Archive for February 29th, 2024

An Integrated Policy Framework (IPF) Diagram for International Economics

February 29, 2024

Suman Basu and Gita Gopinath in this IMF paper propose a new framework to study international economics:

The Mundell-Fleming IS-LM approach has guided generations of economists over the past 60 years. But countries have experienced new problems, the international finance literature has advanced, and the composition of the global economy has changed, so the scene is set for an updated approach. We propose an Integrated Policy Framework (IPF) diagram to analyze the use of multiple policy tools as a function of shocks and country characteristics. The underlying model features dominant currency pricing, shallow foreign exchange (FX) markets, and occasionally-binding external and domestic borrowing constraints. Our diagram includes the use of monetary policy, FX intervention, capital controls, and domestic macroprudential measures. It has four panels to explore four key trade-offs related to import consumption, home goods consumption, the housing market, and monetary policy. Our extended diagram adds fiscal policy into the mix.

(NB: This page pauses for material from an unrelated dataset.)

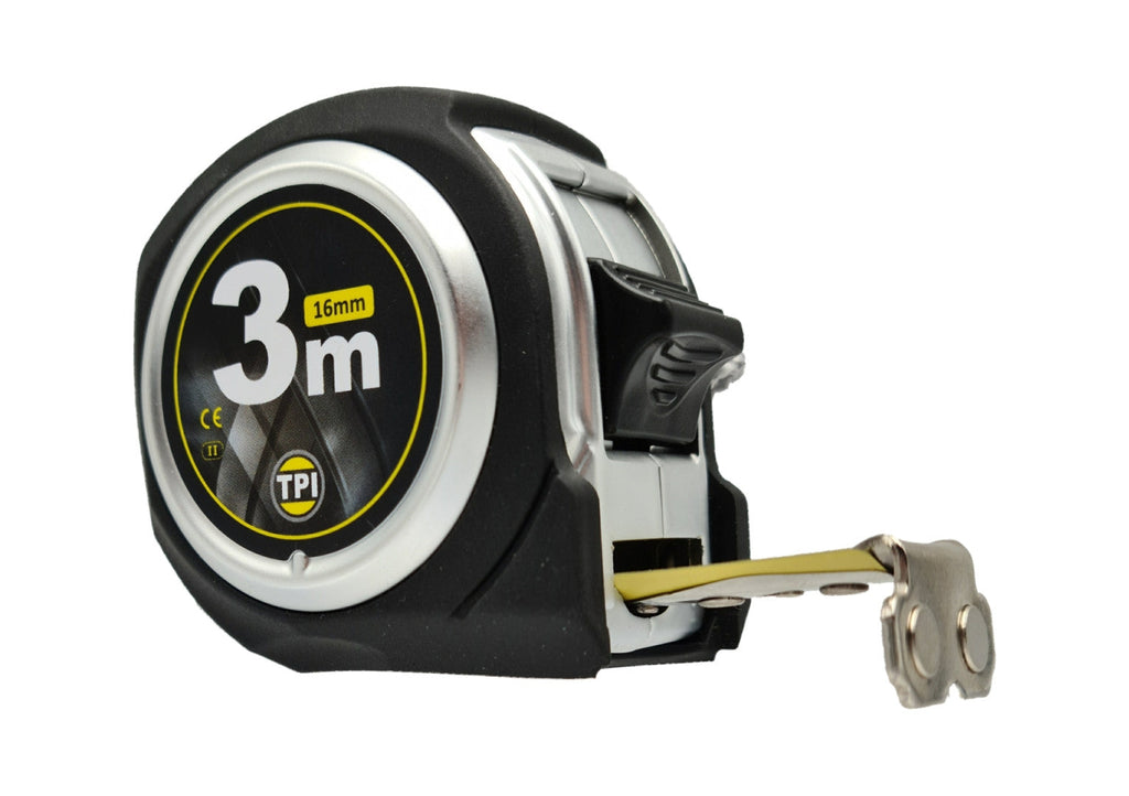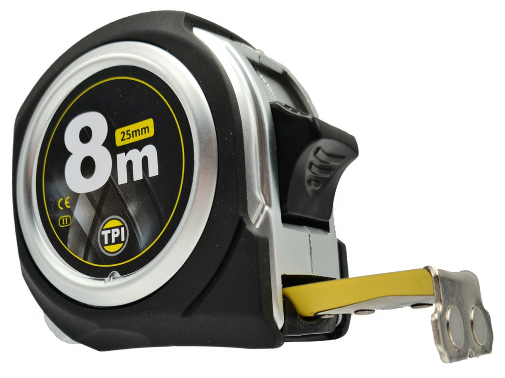 TENTO PROFESIONÁLNY RETRAKČNÝ MERACÍ PÁS 5M HBM má extra kompaktné puzdro z ABS so zábranou proti UV žiareniu a rukoväťou s protišmykovou úpravou. Meradlo má čierne plastové tlačidlo na zastavenie a žltý kovový merací pás s metrickým čítaním. Je tiež vybavený kovovým háčikom s 2 magnetmi, ktoré sú spevnené 4 nitmi. Dá sa pripevniť na nohavice pomocou kovovej spony. Meradlo je schválené CE podľa triedy presnosti EÚ.

Settlement of money and securities in central bank money reduces risk

February 29, 2024

Lena Wiberg of Riksbank writes a useful primer on central bank money:

The traditional payments and securities markets are undergoing a structural transformation, driven by, among other things, increased competition through new technologies and new actors, as well as new legislation. As part of the structural transformation, current actors in the financial sector see an opportunity to improve efficiency and optimise costs. They are therefore reviewing their services offerings and exploring new innovative solutions to streamline transaction flows, especially across borders.

In times of change, it is important that the actors in the financial sector work to provide safe systems for the settlement of money and securities. One way to reduce settlement risk is to settle in central bank money. As a central bank cannot go bankrupt, this removes the credit risk for participants in a settlement system provided by a central bank.

However, it is not always possible to settle in central bank money, and in these cases so-called commercial bank money is instead used for settlement. Settlement in commercial bank money takes place in a commercial institution, such as a bank, which means that participants in the system may have a credit risk with regard to that institution.

Macro-financial policy analysis in bank-dependent economies: an operational manual

February 29, 2024

Pierre-Richard Agénor and Luiz Awazu Pereira da Silva of BIS have written a nice detailed manual/book on macro-finance in bank dependent economies:

Since the global financial crisis of 2007-08, much academic and policy-oriented research has focused on the design, or redesign, of macroeconomic and financial policy frameworks. This literature has brought to the fore the role of banks and financial frictions in macroeconomic fluctuations. It has also explored how macroeconomic and regulatory policies should be combined to respond to domestic and external shocks, and how the institutional mandates of central banks and regulators should be formulated, or amended, when both price stability and financial stability matter for society.

In that context, interactions between monetary policy and macroprudential regulation – with its focus on systemic risk, and the stability of the financial system as a whole – have received particular scrutiny. In middle-income countries, where vulnerability to external shocks has been a perennial problem, much attention has also been devoted to the role of foreign exchange intervention and short-term capital controls in promoting stability.